But Adkins said he was encouraged seeing so many new people attending the vigil.
“That tells me there's a lot of support out here that we don't know we have,” he said. “I want to thank you guys for that. I'm looking at a crowd that I'm not used to seeing.”
Homelessness reached a record high in 2022, due, in part, to lack of affordable housing and increases in rent prices, according to a report by the U.S. Department of Housing and Urban Development.
In Ohio, 8,810 households experienced homelessness in 2023, according to the department's Point-in-Time Count.

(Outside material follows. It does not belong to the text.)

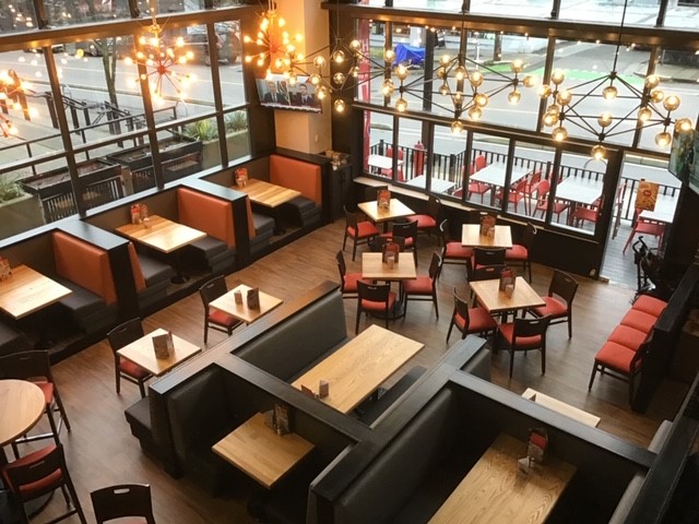 Our work on Boston Pizza’s flagship restaurant in Vancouver’s Stadium district included a complete gutting, restoration and refitting.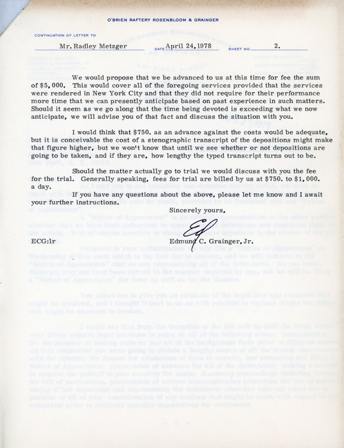 In the meantime, Ed Grainger asked Radley to summarize his recollection of the chronology of events. Radley wrote out what he remembered and submitted it to his lawyer.

Speaker Brenda Folmar said she experienced homelessness, and encouraged others to withhold judgment on the unhoused, since it can happen to anyone.
“Some come from good homes, bad homes in between homes,” she said. “While you're looking and laughing and eyeballing and talking and texting, you better watch it, I'm telling you, because you don't know what boat you're going to fall in.”
The city of Cleveland is engaging in outreach to find ways to adequately address homelessness, Special Assistant to the Mayor for Planning Emily Collins said.
“There are a lot of gaps and it's not just the city, but also the county that's looking strategically to fill those gaps,” she said. “There is a lot of opportunity for coordination and support to outreach partners for the purpose of housing Cleveland. So, I think we all have the same goals and we just need to work together to get there.”